Ah, goodbyes. They’re literally never easy.
Actually, I started writing this (am currently writing this? time doesn’t exist), my Farewell Blog Post, about halfway through the semester. Sure, I’ll add to it and edit it as I near the end, but it suddenly dawned on me that with all of the travel and finals and such that loom in the distance, I might not be able to give this final post the time it deserves.
So I gave it two months. Sound fair?
Basically, going abroad is quite possibly the best, or most important, decision I’ve ever made. For a lot of reasons.
It’s similar to how I felt when I first went to Vassar – I had grown up and lived in the same town (Knoxville, TN) for my entire life leading up to college. Jumping from the nest and moving to Poughkeepsie, NY, proved to me that I could exist without my homegrown creature comforts, that I could survive without having my mom in the next room.
Going abroad is like the amplified version of that, except harder and with more context.
Long story short, I didn’t have a great summer. Or, I guess I should say I had a summer where I learned A LOT. I had an amazing job, but the summer was marked by an apartment flood, living on my own for the first time, going to the ER, a breakup (shout out to everyone with the pre-abroad breakup), and general loneliness and unhappiness and stress. I finished my last day of work at 6pm on August 16th and got on a flight at 11pm the same day. I came to Copenhagen not having had a break for about three months.

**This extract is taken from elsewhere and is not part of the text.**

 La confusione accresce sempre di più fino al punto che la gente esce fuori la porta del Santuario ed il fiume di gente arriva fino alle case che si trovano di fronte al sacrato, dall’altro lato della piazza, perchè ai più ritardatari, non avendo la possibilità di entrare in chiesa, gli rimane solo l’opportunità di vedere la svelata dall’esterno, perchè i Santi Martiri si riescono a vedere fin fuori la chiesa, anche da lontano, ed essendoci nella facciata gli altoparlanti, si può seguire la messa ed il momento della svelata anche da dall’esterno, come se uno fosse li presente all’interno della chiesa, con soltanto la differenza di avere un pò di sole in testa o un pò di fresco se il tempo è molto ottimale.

And truly, it made the transition easier. I had gotten through all of that, so what’s moving to a new country? It’s a new start, a new opportunity, a breath of fresh air.

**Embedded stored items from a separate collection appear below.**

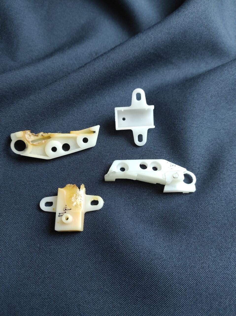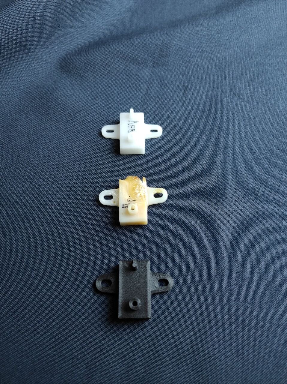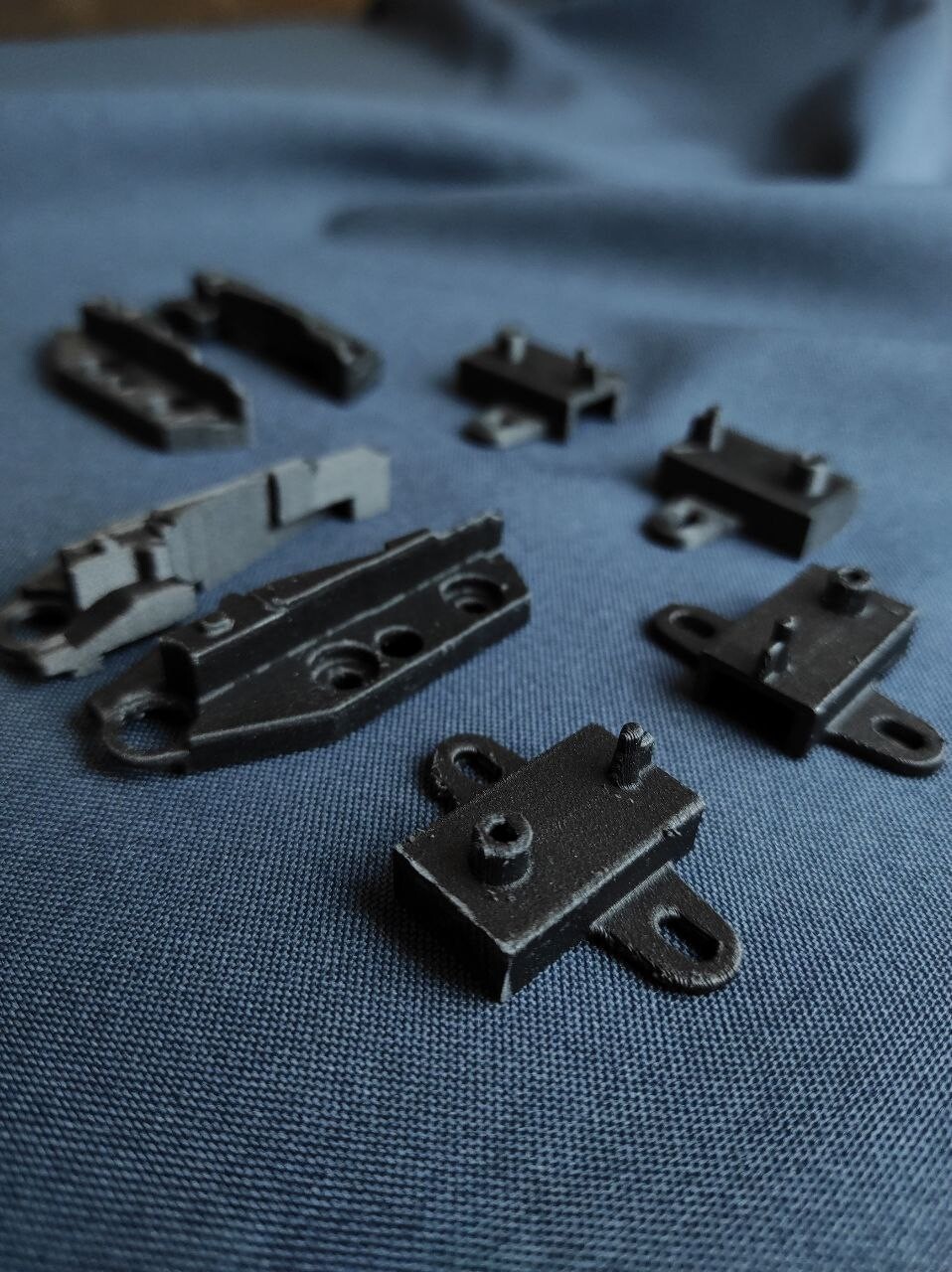 К нам обратилась трикотажная фабрика с целью найти новые возможности производства деталей для импортного оборудования. В качестве образца предоставили сгоревший при неправильной установке оригинал и совершенно новые детали. Смоделировали по образцу, напечатали из PA-CF.
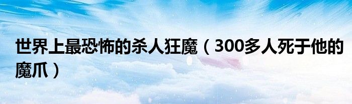 大家好,綜合小編來為大家講解下。世界上最恐怖的殺人狂魔,300多人死于他的魔爪很多人還不知道,現在讓我們一起來看看吧!
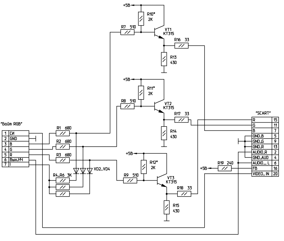 Также можно ввести согласующий каскад на транзисторе - эмиттерный повторитель, который имеет низкое выходное сопротивление, и поэтому отлично работает с низким входным сопротивлением входов SCART в телевизоре. Само собой разумеется, согласующий каскад потребуется поставить на каждый сигнал - R,G,B! Смотрим следующую схему: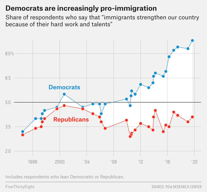https://twitter.com/Cavalewis/status/1520095372949049346Prior to 2010, Democrats were deeply ambivalent about immigrants and immigration. For example, in 2010, less than half of Democrats believed that immigrants "strengthen our country." Today, endorsement of this idea is universal within the Democratic Party.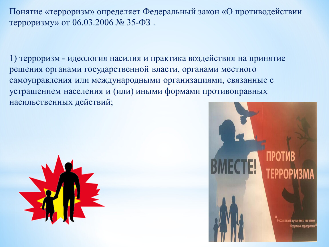 Понятие «терроризм» определяет Федеральный закон «О противодействии терроризму» от 06.03.2006 № 35-ФЗ .
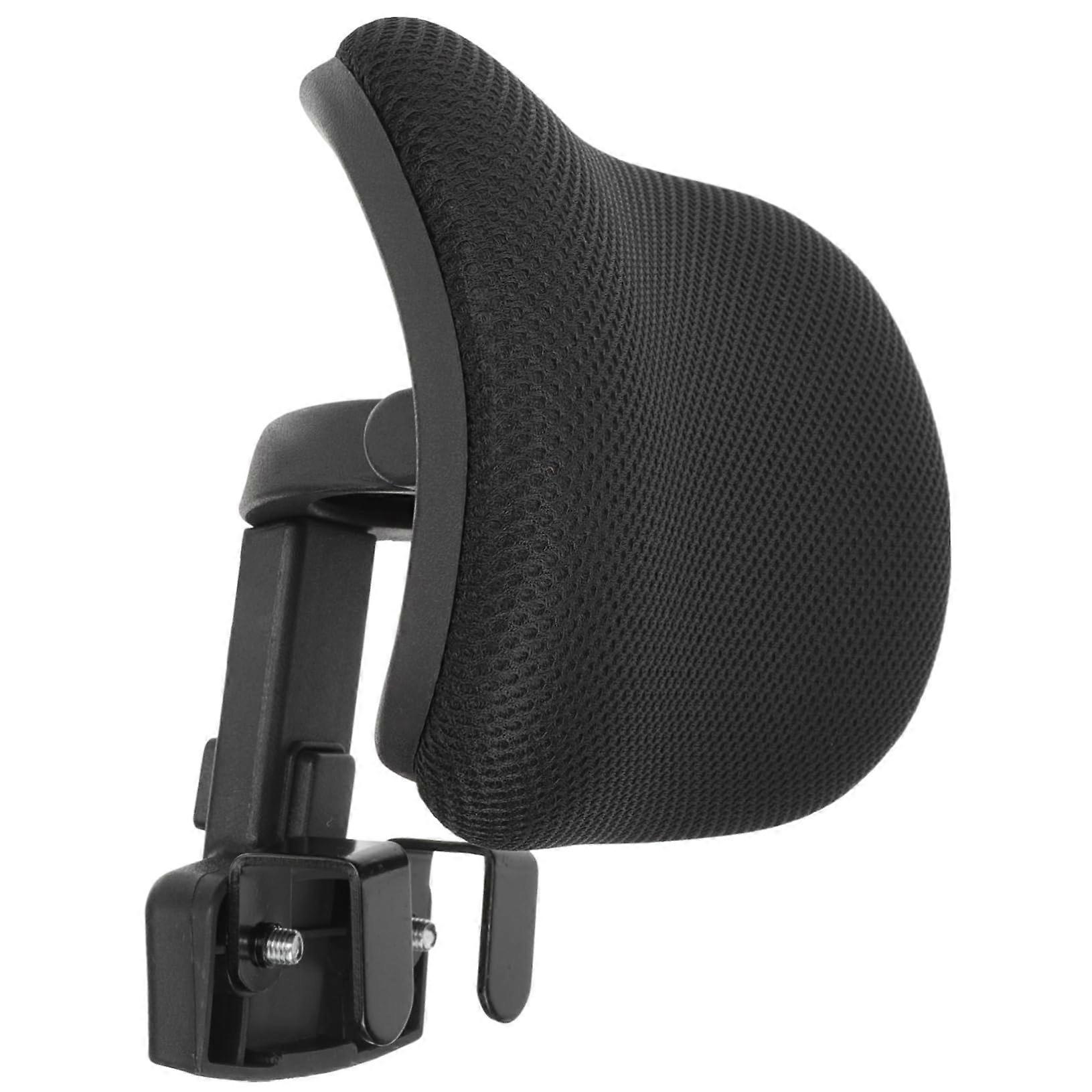 Adjustable headrest for office chairs, attachable and tiltable, ergonomically designed for neck and head support, install with clips.

Coming to Denmark, completely separate from everyone I knew and loved from back home, taught me to be my own person. I knew no one here, had no idea of what was to come, and had to solve my own problems because my parents were no longer in the next room, or a three hour plane ride away – they were across an ocean, a We Will Only See You When We Plan And Budget To distance away.
I didn’t need a break before I came to Copenhagen, because Copenhagen became the time I needed to recover and grow and learn.

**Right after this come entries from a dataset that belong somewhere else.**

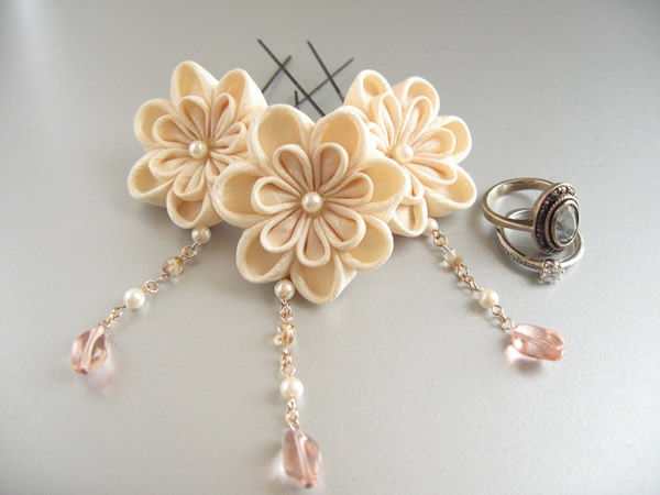 美容室で人気のUピンセットです。今回は、最近ドレスなどで人気のオフホワイト色の花にしてみました。金具もピンクゴールドの色にし、全体的に優しい雰囲気にしています。春を意識して、ビーズには淡いピンク色を使用しました。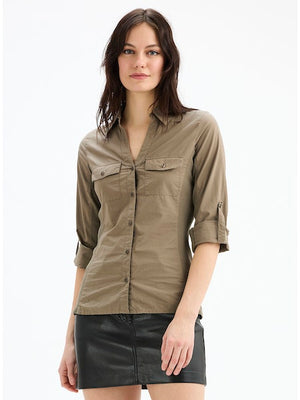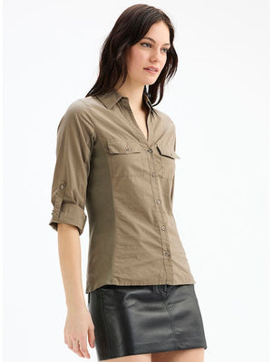 CHRLDR Tracy Poplin Side Rib Button Up - Olive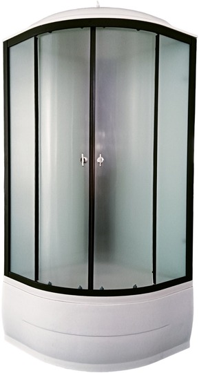 Сборка кабины без герметика! Передние стекла матовые, задние стенки СТЕКЛЯННЫЕ белые, черный алюминиевый профиль, черная задняя панель, полукруглый высокий поддон 45см + верхние - поворотные ролики с регулировочным винтом, нижние - поворотные ролики с кнопкой; нажимной сливной клапан с системой очистки (сеткой); с полкой на задней панели.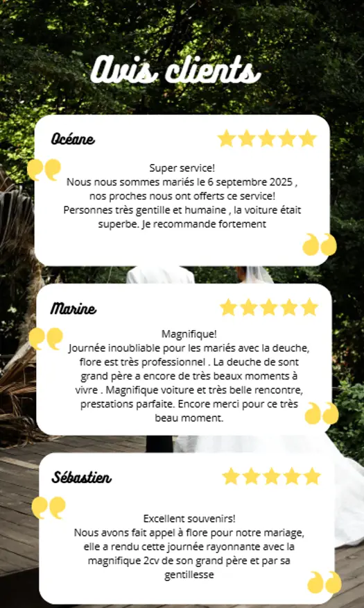 Hello, je m'appelle Flore, et je vous propose un service unique et plein de charme : la location de ma 2CV vintage, accompagnée de mes services de conductrice, pour vos événements spéciaux ou de jolies balades dans le Marais Poitevin. Que ce soit pour un mariage, un anniversaire, une séance photo, ou simplement l’envie d’une escapade rétro, embarquez à bord d'une voiture mythique qui fait sourire petits et grands.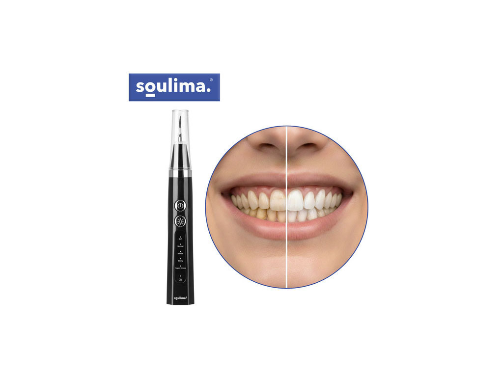 Η επαναφορτιζόμενη υπερηχητική οδοντιατρική συσκευή Soulima διαθέτει 5 λειτουργίες και διαστάσεις 3.5 x 18.8 cm. Σχεδιασμένη για ασφαλή και αποτελεσματική αφαίρεση αλάτων, επικαθίσεων και αποχρωματισμού, προσφέρει επαγγελματικά αποτελέσματα στο σπίτι. Η ρύθμιση έντασης επιτρέπει έως πέντε επίπεδα, με ακριβείς άκρες για στοχευμένο καθαρισμό.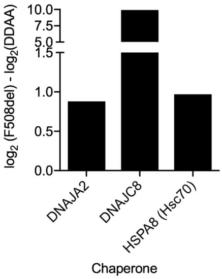 Association of f508del-CFTR with chaperones compared to DD/AA-CFTR. The protein affinity for the two variants under analysis was assessed by calculating log2(Condition 1) − log2(Condition 2)| and shown for variants with −log10(p-value) ≥ 1.6 (corresponding to p < 0.025) as in Figure 4 (see Materials and Methods).

In four months, I’ve crossed things off of my bucket list that I had always assumed I would never check off – or at least I would have to wait until I was 40 with a stable job and disposable income. The Anne Frank House, the Van Gogh Museum, the Harry Potter WB Studio Tour, Ireland, Edinburgh, a Cher concert (ok..I could have done that in the US…but I’m still gonna count it! it was important!!) – things I did so simply and so casually this semester that I once thought wouldn’t even be possible.
And, in four months, I learned more about myself and my life and my future than I ever have in one semester of high school or normal college.
I learned that I can survive as a Media Studies major in a class full of Computer Science majors. I learned how to travel by myself, and how to do it in an efficient and (slightly) cost-effective way. I learned how to balance my life here with my life back home, making new friends while keeping the ones I already had. I learned how to quickly adjust to European public transportation. I learned how to say “Thank you” and “I’m sorry” and “I love you” in Danish.
I learned that in the winter, the sun will set at 4pm, if not before. I learned that Scandinavia does cinnamon rolls very well. I learned that literally everywhere in Europe had better hot chocolate than anywhere in the United States. Also, cheese. Cheese is better over here.
I learned that four months is both the longest time in the world and no time at all. This semester has gone by quicker than I could have ever imagined, and yet I feel like I’ve lived in Denmark for years.
I learned that your heart can be torn between two places at once, that you can be so excited to go home and yet so sad to leave. I learned you can have two homes. I learned that the people back home who want to stay in touch will, and they won’t forget about you unless they choose to.
I learned how to trust that life will turn out okay, even when you’re thrown into a completely new and different and scary and wonderful and terrifying experience.
I would not trade this semester for the world. I feel like I’m going back to Vassar a different person – wOw StuDy aBrOAd ChaNGeD Me – and I’ve had experiences that I will carry with me for the rest of my life. And it’s important to note that a lot of people say abroad changes them, and say it in a way of superiority, that they now have a “worldliness” that they have achieved with their privilege of going abroad. I am so, so privileged to have had this opportunity – and I have changed in a very personal growth type of way, bettering myself to myself, not bettering myself in comparison to others.
I, personally, needed a complete separation from my life back in the US to understand myself as fully as I do now. My new confidence is palpable, both in my abilities and in myself as a person.
So, with that, farewell. If you want to keep keeping up with me, my social media links are over there —> somewhere. (Keep up with me on social media to see my eventual Denmark-themed tattoo <3)
Jeg elsker dig, København. Tak. Hej hej.